[Exercise aim] Exact reproduction is required for the lines below starting at the line with "- Salpimentar las" and ending at the line with "పయనించే సూర్యుడు న్యూస్", both included. No other lines, and no pictures.

[Records supplied]
**********

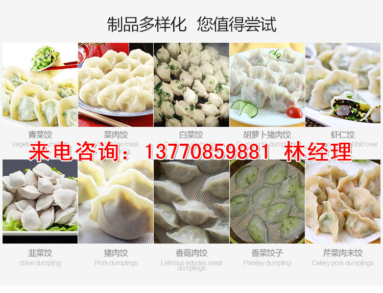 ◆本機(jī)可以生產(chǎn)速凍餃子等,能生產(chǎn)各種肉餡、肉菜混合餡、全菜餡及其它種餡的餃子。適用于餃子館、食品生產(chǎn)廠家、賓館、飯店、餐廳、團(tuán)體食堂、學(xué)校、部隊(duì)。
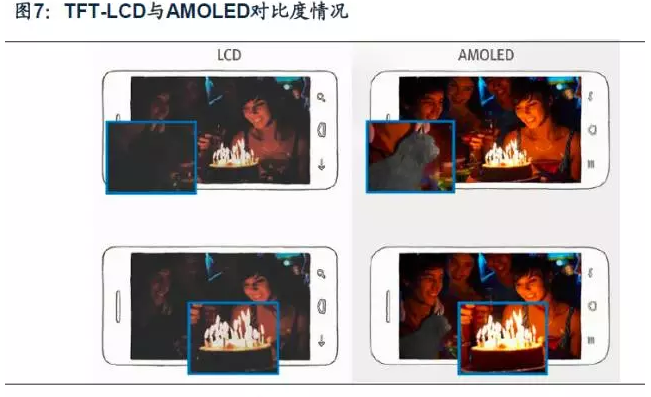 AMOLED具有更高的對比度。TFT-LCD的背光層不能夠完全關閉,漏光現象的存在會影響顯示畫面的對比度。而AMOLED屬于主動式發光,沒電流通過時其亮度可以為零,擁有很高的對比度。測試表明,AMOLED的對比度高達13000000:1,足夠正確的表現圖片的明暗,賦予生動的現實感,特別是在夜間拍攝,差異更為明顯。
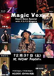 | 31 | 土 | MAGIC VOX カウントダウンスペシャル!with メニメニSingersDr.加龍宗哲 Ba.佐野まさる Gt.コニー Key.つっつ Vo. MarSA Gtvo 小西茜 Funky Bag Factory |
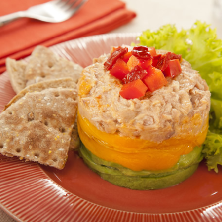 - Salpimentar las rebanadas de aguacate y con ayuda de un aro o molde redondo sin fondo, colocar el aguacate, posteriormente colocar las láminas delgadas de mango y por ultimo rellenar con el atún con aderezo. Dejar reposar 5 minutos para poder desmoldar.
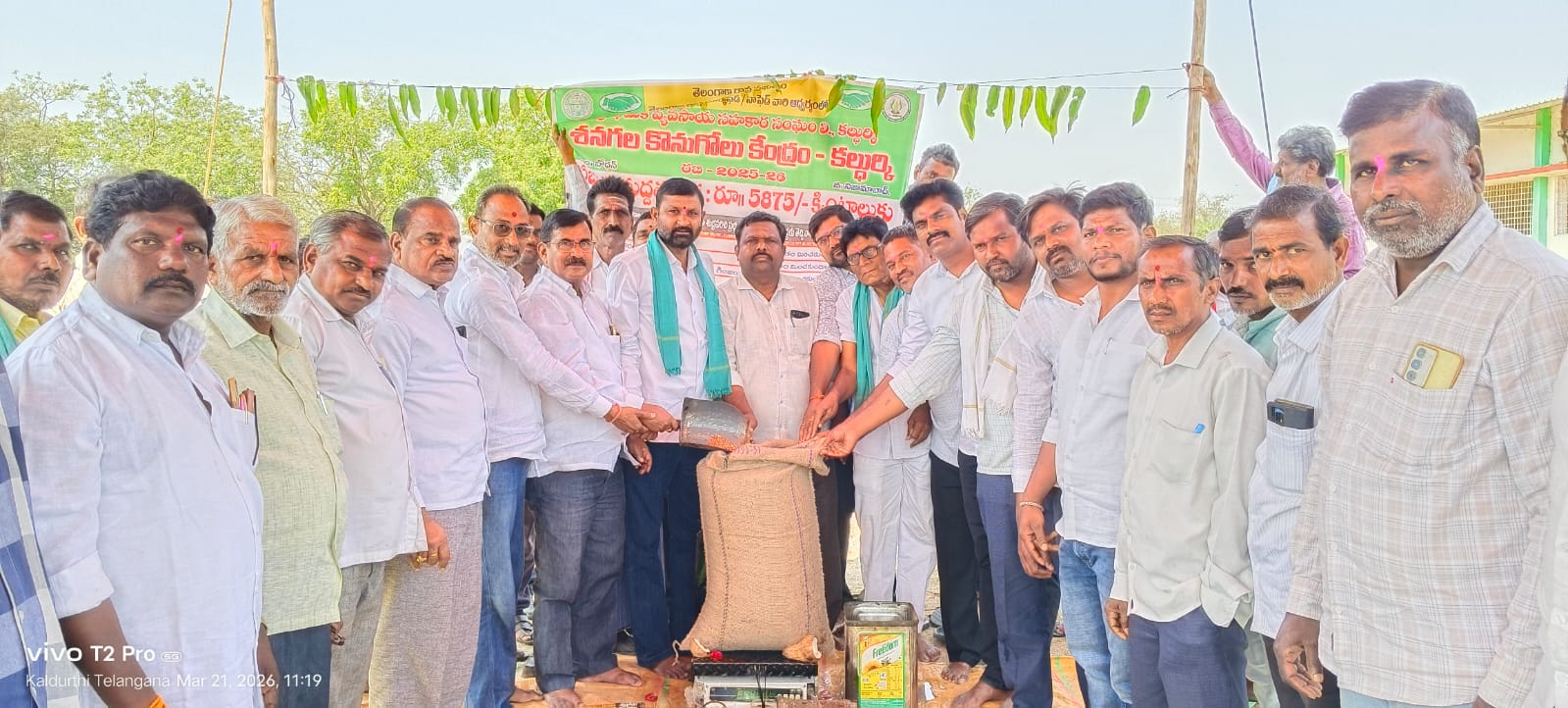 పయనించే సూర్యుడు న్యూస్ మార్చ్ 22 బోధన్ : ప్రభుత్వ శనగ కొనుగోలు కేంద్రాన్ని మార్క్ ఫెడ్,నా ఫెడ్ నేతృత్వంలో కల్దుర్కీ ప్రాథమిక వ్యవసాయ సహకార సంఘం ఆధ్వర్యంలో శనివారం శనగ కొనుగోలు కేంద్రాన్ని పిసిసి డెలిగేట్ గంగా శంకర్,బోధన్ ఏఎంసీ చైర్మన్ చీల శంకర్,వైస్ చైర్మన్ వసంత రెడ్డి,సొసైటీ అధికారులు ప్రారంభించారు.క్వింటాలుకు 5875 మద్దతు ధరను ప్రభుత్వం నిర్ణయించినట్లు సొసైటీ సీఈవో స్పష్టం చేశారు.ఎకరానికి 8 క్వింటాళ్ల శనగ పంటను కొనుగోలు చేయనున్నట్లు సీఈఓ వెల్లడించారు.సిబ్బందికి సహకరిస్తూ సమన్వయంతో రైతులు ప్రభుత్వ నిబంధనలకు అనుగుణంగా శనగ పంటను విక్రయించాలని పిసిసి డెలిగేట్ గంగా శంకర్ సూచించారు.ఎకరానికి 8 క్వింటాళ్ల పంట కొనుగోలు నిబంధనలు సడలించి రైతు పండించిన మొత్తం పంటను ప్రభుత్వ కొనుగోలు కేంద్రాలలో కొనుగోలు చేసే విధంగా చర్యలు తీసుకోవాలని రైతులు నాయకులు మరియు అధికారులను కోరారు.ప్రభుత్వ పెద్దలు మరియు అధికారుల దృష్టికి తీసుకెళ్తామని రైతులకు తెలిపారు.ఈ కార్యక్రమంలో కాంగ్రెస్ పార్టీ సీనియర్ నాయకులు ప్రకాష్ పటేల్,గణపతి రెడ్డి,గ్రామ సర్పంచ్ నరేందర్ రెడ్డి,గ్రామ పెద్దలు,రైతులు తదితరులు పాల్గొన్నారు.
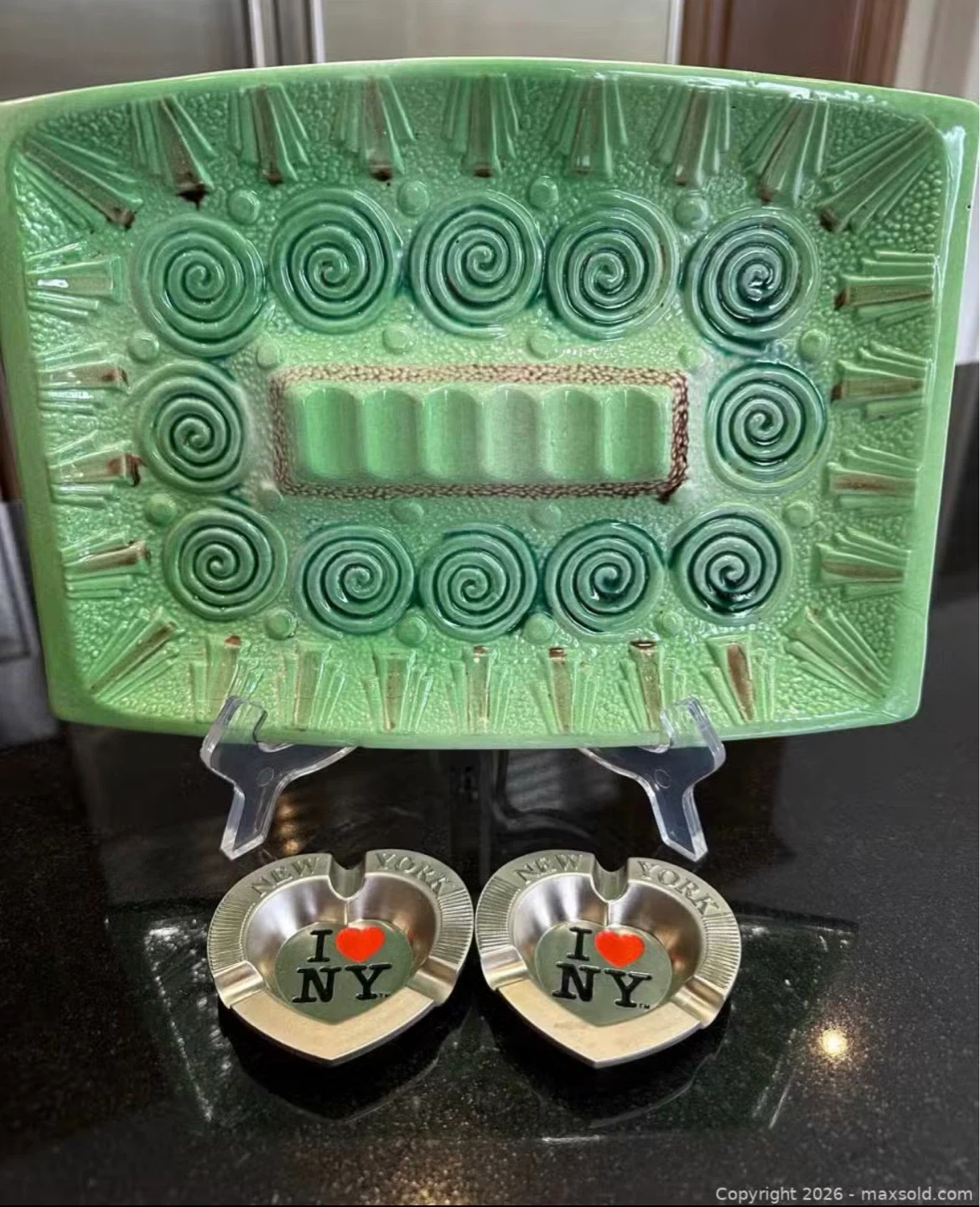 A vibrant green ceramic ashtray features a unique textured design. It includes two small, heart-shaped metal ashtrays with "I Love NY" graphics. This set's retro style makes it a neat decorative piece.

**********

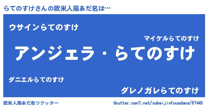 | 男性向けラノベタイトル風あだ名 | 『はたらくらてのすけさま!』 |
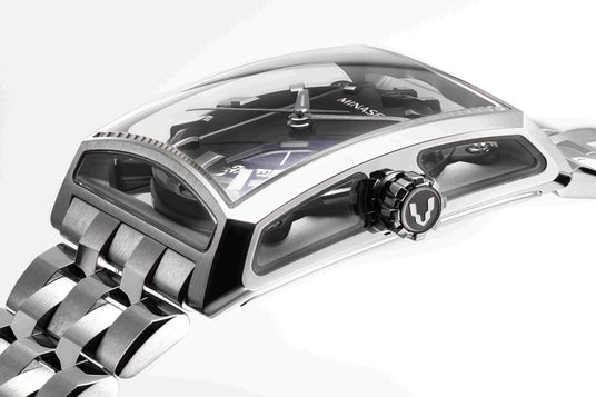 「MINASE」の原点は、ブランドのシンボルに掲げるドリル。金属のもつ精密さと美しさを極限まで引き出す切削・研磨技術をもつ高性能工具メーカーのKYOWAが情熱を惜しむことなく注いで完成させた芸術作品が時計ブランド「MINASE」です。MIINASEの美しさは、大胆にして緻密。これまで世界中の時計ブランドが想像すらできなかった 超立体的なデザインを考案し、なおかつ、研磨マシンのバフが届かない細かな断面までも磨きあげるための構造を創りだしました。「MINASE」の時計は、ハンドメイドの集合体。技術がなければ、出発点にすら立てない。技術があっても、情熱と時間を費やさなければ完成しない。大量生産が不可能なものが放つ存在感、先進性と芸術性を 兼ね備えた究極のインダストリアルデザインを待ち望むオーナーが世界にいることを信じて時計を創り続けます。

**********

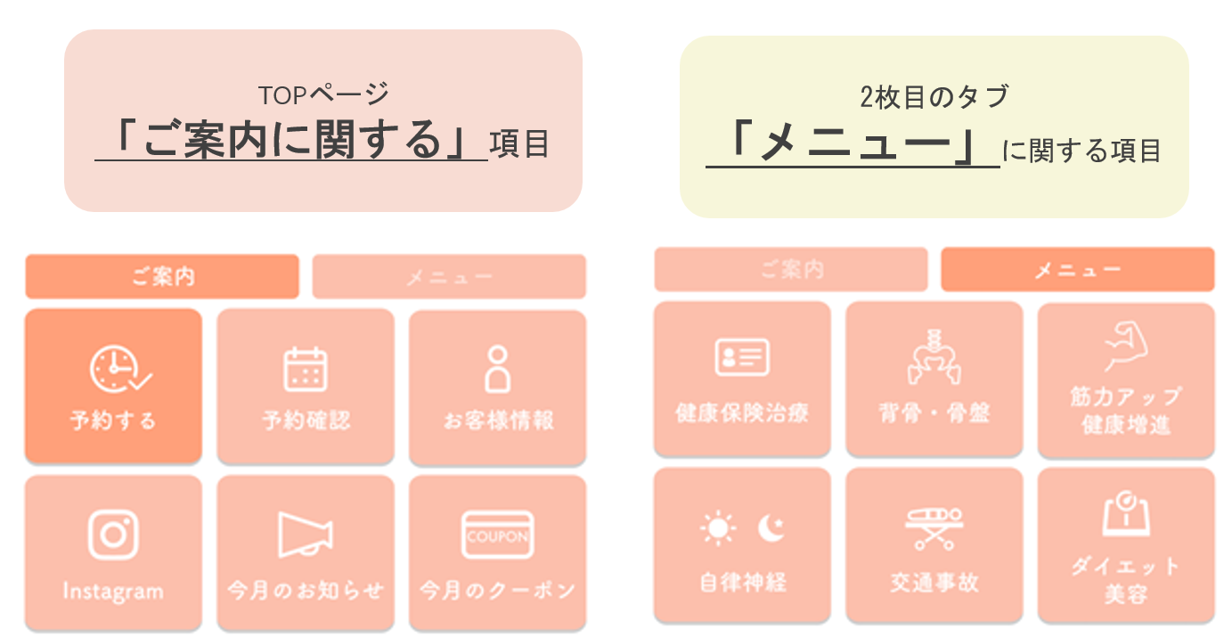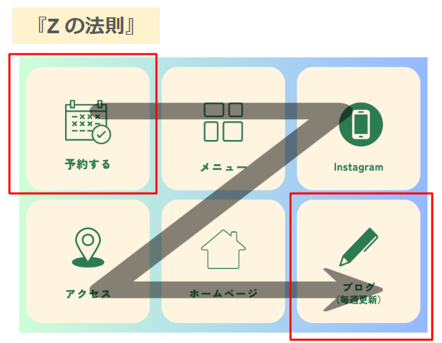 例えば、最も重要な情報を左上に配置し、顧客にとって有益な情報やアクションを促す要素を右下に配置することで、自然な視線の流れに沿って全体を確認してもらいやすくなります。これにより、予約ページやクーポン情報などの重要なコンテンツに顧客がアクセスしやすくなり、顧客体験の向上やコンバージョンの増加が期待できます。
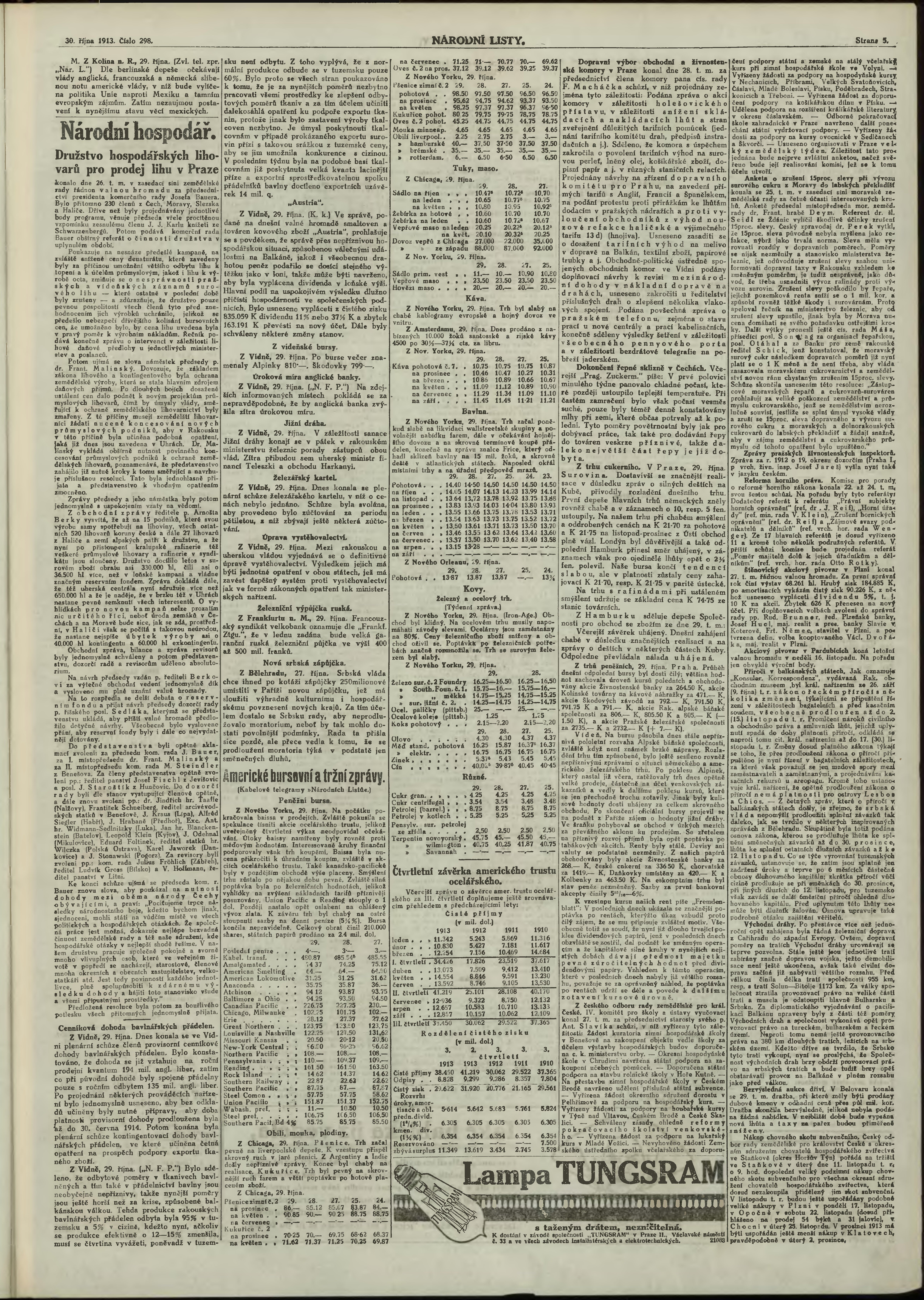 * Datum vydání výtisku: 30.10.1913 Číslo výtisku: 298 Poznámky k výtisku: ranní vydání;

**********

[Reply to the task]
 - Salpimentar las rebanadas de aguacate y con ayuda de un aro o molde redondo sin fondo, colocar el aguacate, posteriormente colocar las láminas delgadas de mango y por ultimo rellenar con el atún con aderezo. Dejar reposar 5 minutos para poder desmoldar.
 పయనించే సూర్యుడు న్యూస్ మార్చ్ 22 బోధన్ : ప్రభుత్వ శనగ కొనుగోలు కేంద్రాన్ని మార్క్ ఫెడ్,నా ఫెడ్ నేతృత్వంలో కల్దుర్కీ ప్రాథమిక వ్యవసాయ సహకార సంఘం ఆధ్వర్యంలో శనివారం శనగ కొనుగోలు కేంద్రాన్ని పిసిసి డెలిగేట్ గంగా శంకర్,బోధన్ ఏఎంసీ చైర్మన్ చీల శంకర్,వైస్ చైర్మన్ వసంత రెడ్డి,సొసైటీ అధికారులు ప్రారంభించారు.క్వింటాలుకు 5875 మద్దతు ధరను ప్రభుత్వం నిర్ణయించినట్లు సొసైటీ సీఈవో స్పష్టం చేశారు.ఎకరానికి 8 క్వింటాళ్ల శనగ పంటను కొనుగోలు చేయనున్నట్లు సీఈఓ వెల్లడించారు.సిబ్బందికి సహకరిస్తూ సమన్వయంతో రైతులు ప్రభుత్వ నిబంధనలకు అనుగుణంగా శనగ పంటను విక్రయించాలని పిసిసి డెలిగేట్ గంగా శంకర్ సూచించారు.ఎకరానికి 8 క్వింటాళ్ల పంట కొనుగోలు నిబంధనలు సడలించి రైతు పండించిన మొత్తం పంటను ప్రభుత్వ కొనుగోలు కేంద్రాలలో కొనుగోలు చేసే విధంగా చర్యలు తీసుకోవాలని రైతులు నాయకులు మరియు అధికారులను కోరారు.ప్రభుత్వ పెద్దలు మరియు అధికారుల దృష్టికి తీసుకెళ్తామని రైతులకు తెలిపారు.ఈ కార్యక్రమంలో కాంగ్రెస్ పార్టీ సీనియర్ నాయకులు ప్రకాష్ పటేల్,గణపతి రెడ్డి,గ్రామ సర్పంచ్ నరేందర్ రెడ్డి,గ్రామ పెద్దలు,రైతులు తదితరులు పాల్గొన్నారు.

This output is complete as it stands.